When the car gained some momentum, you’d awkwardly, frantically jump in, shut the door while trying to keep steering, and get your feet into place to pop the clutch. All in a matter of two seconds. Hooray! You’d wave your hand out the window shouting “Thank you!” to the pushers as the car sprang to life and you zoomed off. This whole scenario happened several times per day.
I remember my first car. It was a Nash Metropolitan, one of those little black and white cars that should have looked like a cute skunk as in the picture above, but didn't. There was no paint on mine so it was grey with big rust spots all over it. I was 16 and it cost forty bucks. They wanted fifty but I took one look at it parked out in a field and brought the price down on the spot.
My dear boyfriend at the time, who taught me how to drive, graciously came along to help.
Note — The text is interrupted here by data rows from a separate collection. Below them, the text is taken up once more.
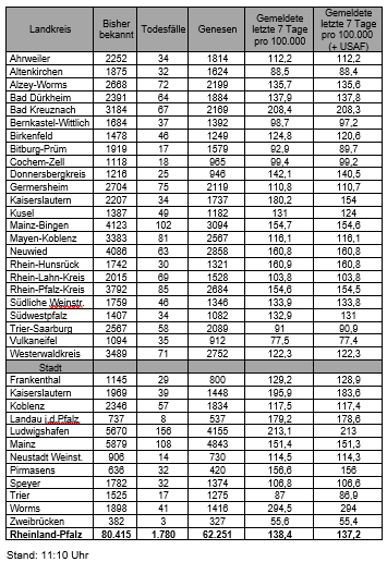 Die oben genannten Zahlen entsprechen den in der Meldesoftware des Robert Koch-Instituts übermittelten laborbestätigten Fällen einer COVID-19 Erkrankung mit Meldeadresse in Rheinland-Pfalz. Diese werden von den Gesundheitsämtern über die Landesmeldestelle beim Landesuntersuchungsamt an das Robert Koch-Institut übermittelt. Diese Zahlen können vereinzelt von den durch die Kreisverwaltungen kommunizierten Zahlen abweichen.
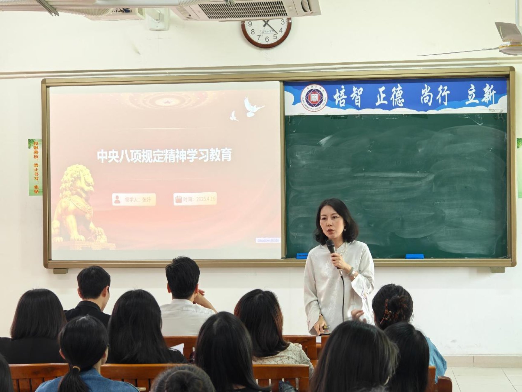 最后,学院党委书记陈橹要求全体教工党员和干部对照中央八项规定精神开展自我检视。他强调,党员教师要以更高标准严格要求自己,将纪律规矩内化为行动自觉,为营造风清气正的育人环境贡献力量。
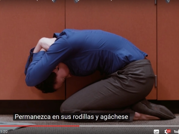まず、1番目のDrop(伏せろ)の意味は、「あごを引き、顔を下にして体を丸くする」ことで、「大切な内臓の損傷を守れ」という意味と 「揺れで体を飛ばされるな」「転倒を予防しろ」という意味があります。
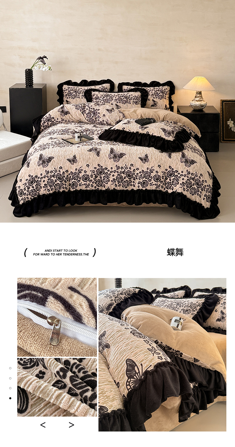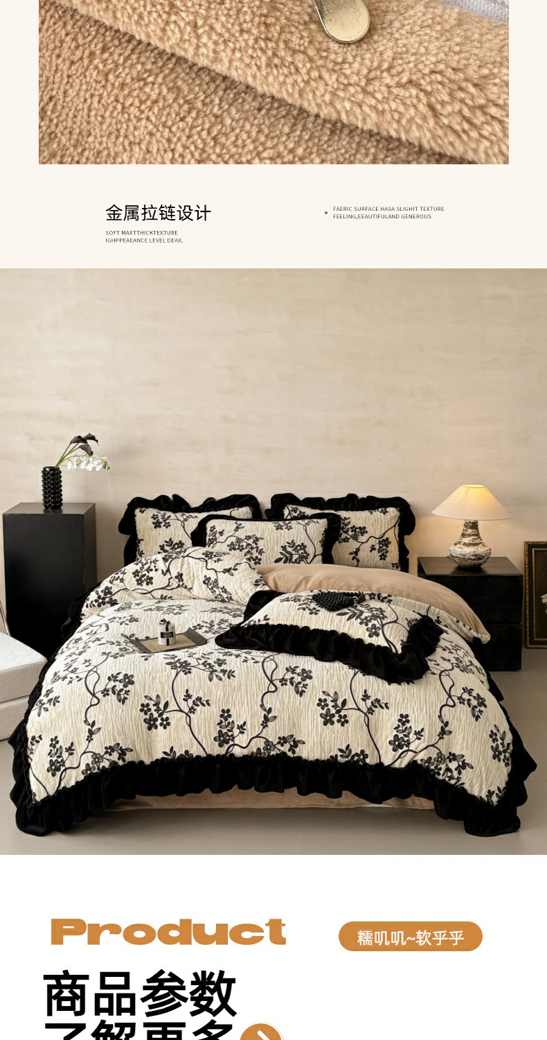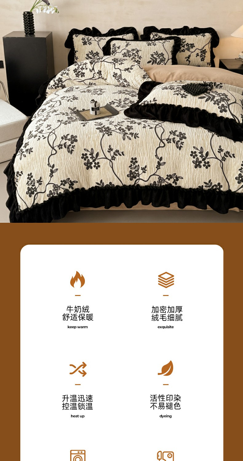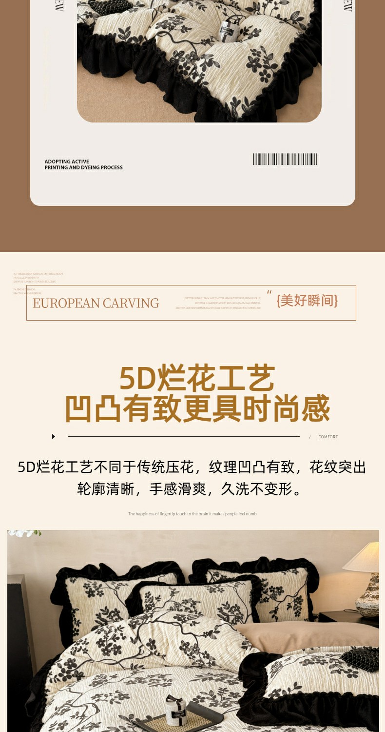 当前位置: 91家纺网 > 商品网购 > 床品套件 > 四件套 > 牛奶绒四件套 > 米莱家纺 2025新款牛奶绒烂花法式花边四件套 米兰
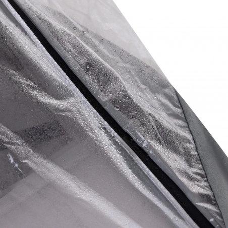 L’habillage pluie 4 Seasons Sports se monte rapidement grâce à son cordon flexible et reste facilement accessible grâce à son sac de transport pratique fixé sur la poussette. La partie avant s’ouvre avec des fermetures éclair pour installer ou retirer votre enfant facilement, tout en conservant la capote pare-soleil rabattable de votre poussette.

He brought his tools, just in case. The entire inside of that car was brown rust, squirrels had obviously been living in it and the seats had frayed towels covering them. Both of the doors had to be tied shut from the inside. The rope for that was included in the price.
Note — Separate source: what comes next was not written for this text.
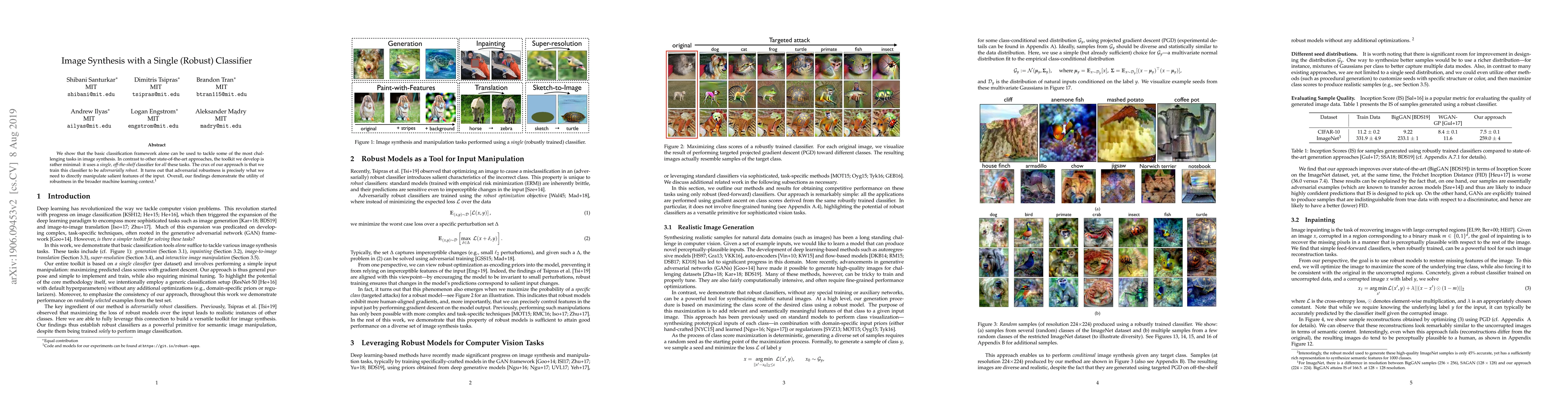 This paper demonstrates that a single, robust classifier can effectively tackle image synthesis challenges, leveraging adversarial training to manipulate salient features. The simplicity of the approach highlights the importance of robustness in machine learning applications.
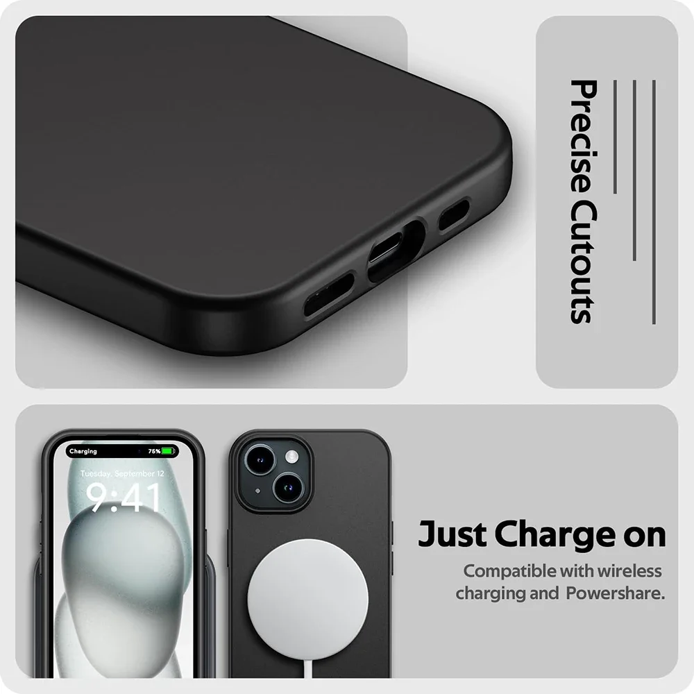 Funda suave de silicona mate de lujo para iPhone 15 14 Plus 13 12 Mini 11 Pro XS Max X XR SE 2 3 7 8 Plus Funda negra sólida ultrafina

My boyfriend was dubious about the whole transaction, but it was love at first sight for me. While we drove down the hill, away from the waving family who sold it to us, the steering wheel actually came off in his hands, which made me, not him, laugh so hard. Thank goodness for those tools. He nailed a stick to the steering column and drove it home that way! What a good sport he was.
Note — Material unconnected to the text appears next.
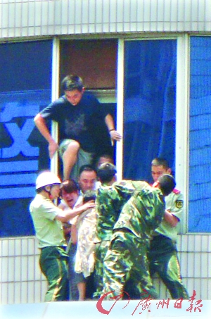 中午12時(shí)左右,4名消防官兵突然從另外一邊的窗口出現(xiàn)在平臺(tái)上,由于平臺(tái)是繞著醫(yī)院的柱形墻體修建的,挾持人質(zhì)的女子并沒(méi)有發(fā)現(xiàn)救援的官兵。趁著談判人員吸引該女子注意力的時(shí)候,四名消防官兵慢慢向女子所站的地方接近。
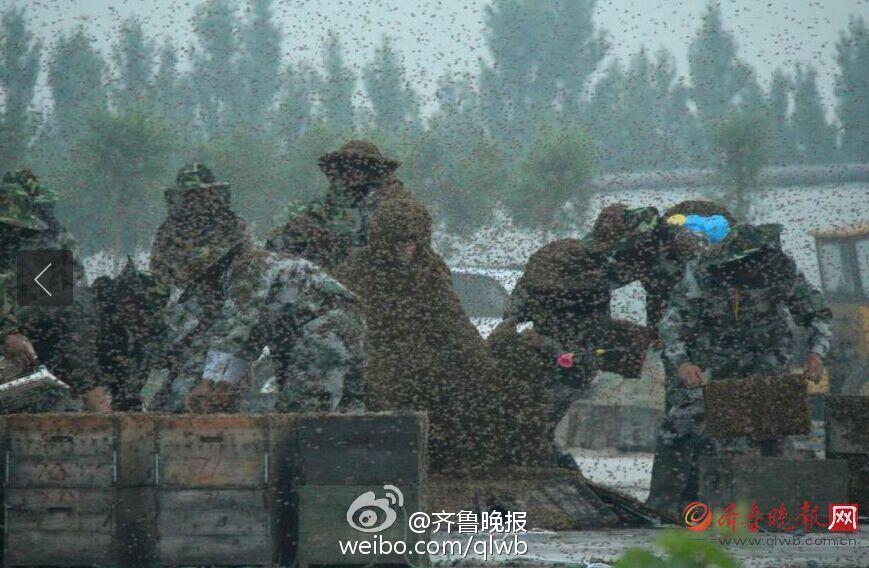 Gao Bingguo, a man from east China’s Shandong province, successfully sets a new Guinness record by covering his body in bees on May 25, 2015. Over a million bees covered his body like a bee garment. Gao got stung all over the body. (Photo source: Weibo of Qilu Evening News)

I scored my second car, this time a little Simca for thirty five bucks. It had a blown head gasket, whatever that means. The only problem with that car is that it would not turn to the right. So it required a lot of driving around in circles and fancy maneuvering to travel anywhere. The rearview mirror fell off one day for no good reason. That was before super glue or gorilla glue, so I just kept it between the driver and passenger seats and held it up when needed.
But the car that takes the cake is the old Cadillac convertible that my father dragged out of some junkyard one fine day. He shot up the driveway honking the horn and we all ran out, piled in and took a swing around the neighborhood. When we got back home, he pushed a button to show off the convertible top.
At first nothing happened. And then nothing happened. ...... Just when we rolled our eyes and thought it wasn’t really a convertible after all we heard a creak and a groan overhead. Dust flew and a musty smell filled the car as the ceiling pulled away from the top of the windshield. It shook and arched slowly, slowly ever so slowly into the air and then slid, shuddering, back into a mysterious slot somewhere in the rear of the car, and never came back up again. Another quirky feature was that those fancy high falootin pushbutton windows were stuck up - as in would not go down. So my Mom, Dad, 3 brothers, 2 sisters and I, plus sometimes a couple of friends rode around in a Cadillac convertible - with the top down and all the windows up.